第18話 入浴しながら雑談

 寮舎の浴場は広く大きい。

 特別クラスのメンバー全員が同時に入ってもスペースが余るほどだ。とはいえ、シロウを含めた全員が共に入る機会はないだろう。


 先ほどの悪夢が尾を引き、シロウの意識は珍しく半覚醒だった。ぼんやりとしたまま脱衣所で服を脱ぐ。


 出入り口のドアを開けて浴場に入る。

 ワンルームに大きな浴槽と複数のシャワーが設置されており、シャワーは大理石の板で仕切られていた。


 さっそくシャワーを浴びようと思ったが、水が降り注ぎ床に当たる音が耳に入る。
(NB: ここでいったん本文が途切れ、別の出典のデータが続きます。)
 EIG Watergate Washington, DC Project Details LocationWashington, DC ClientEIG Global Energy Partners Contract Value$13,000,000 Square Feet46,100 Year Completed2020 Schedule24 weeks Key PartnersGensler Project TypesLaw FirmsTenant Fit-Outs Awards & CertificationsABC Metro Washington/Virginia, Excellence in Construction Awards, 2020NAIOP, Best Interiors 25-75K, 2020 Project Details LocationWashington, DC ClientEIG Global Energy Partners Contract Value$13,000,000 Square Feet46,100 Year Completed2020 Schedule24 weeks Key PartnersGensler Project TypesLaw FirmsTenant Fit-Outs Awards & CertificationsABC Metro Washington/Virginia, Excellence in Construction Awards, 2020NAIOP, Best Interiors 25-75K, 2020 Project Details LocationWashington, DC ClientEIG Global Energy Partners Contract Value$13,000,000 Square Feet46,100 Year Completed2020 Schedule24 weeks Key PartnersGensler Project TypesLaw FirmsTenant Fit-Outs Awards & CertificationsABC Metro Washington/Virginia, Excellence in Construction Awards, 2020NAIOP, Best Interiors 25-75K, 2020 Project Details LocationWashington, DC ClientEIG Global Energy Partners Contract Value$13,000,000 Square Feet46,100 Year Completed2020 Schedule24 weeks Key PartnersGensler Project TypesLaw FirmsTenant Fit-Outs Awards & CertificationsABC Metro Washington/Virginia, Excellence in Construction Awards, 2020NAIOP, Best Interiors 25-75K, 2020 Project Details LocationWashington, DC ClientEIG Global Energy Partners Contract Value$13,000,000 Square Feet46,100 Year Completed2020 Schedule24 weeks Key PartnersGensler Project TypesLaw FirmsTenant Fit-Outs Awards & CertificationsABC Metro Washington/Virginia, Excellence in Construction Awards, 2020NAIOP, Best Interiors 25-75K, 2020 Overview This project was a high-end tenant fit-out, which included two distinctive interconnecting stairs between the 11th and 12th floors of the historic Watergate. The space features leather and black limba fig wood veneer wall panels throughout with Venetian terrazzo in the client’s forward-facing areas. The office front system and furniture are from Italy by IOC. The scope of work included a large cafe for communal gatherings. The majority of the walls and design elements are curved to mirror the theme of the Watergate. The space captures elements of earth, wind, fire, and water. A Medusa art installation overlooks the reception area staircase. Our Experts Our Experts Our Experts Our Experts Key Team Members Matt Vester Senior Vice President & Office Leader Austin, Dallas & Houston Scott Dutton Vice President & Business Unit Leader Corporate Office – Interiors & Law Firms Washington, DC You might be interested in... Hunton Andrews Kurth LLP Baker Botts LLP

誰かが先に使用しているみたいだ。


「ふんふ、ふんふーんっ」


 ご機嫌な鼻歌を奏でる女子。

 シロウは気づかれる前に浴場を出ようとしたが、一足遅かった。シャワーの音が止まり、少女が仕切りを横切って現れる。


「えっ……シロウくん!?」


 上ずった声が浴場に響いた。

 シャワーを浴びていたのはジェシカだった。全裸の彼女は驚いたように目を見開き、あわあわと開いた両手をわななかせる。


「すまない、すぐに出ていこうと思ったんだが」

「こ、こっちこそごめんね! 私、全然気づかなくて!」


 彼女が謝る必要は全くないのだが、冷静な判断ができていないようで、ジェシカは顔を真っ赤にさせながら胸と股間を手で覆い隠す。そして、おずおずと言った。


「シャワー、どうぞ……」

「ああ」


 なるべくジェシカのほうを見ないようにしつつ仕切りのうちに入る。ぺたぺたと勢いよく裸足が床を踏む音の後にドアが開かれる音が聴こえた。
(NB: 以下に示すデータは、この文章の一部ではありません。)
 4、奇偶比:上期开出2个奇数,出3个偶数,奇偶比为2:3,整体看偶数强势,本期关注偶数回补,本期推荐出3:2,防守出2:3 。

 ジェシカが浴場を出た気配を察し、シロウは息をついてシャワーを浴びる。


 一つ屋根の下で生活をしているのだから、こういうハプニングがあるのも仕方ないのだろうが……次からは脱衣所で誰かの脱いだ服の有無をきちんと確認してから浴場に入るとしよう。


 シロウが自分を戒めていると、再び裸足が床を踏む音がした。

 何故かジェシカが戻ってきたようだ。頭から水を被りながら振り返ると、バスタオルを身体に巻きつけたジェシカがこちらを窺っていた。


「あ、あの……少し一緒にお話しない?」

「俺は構わないが」


 シロウが応えると、ジェシカはチラチラと視線を横や前に行き交わせて頷く。男の裸体が気になるようで、彼女の視線は時折、シロウの股間に向けられ、すぐに逸らされる。


 頬を真っ赤にさせるジェシカに少し待ってくれと伝えたシロウは、さっと全身を洗い流した。そして脱衣所に戻り、バスタオルを腰に巻きつける。


 再び浴場に入ると、ジェシカはバスタオルを巻いたまま浴槽内の湯に浸かっていた。少し距離を取り、ジェシカの隣に腰を下ろす。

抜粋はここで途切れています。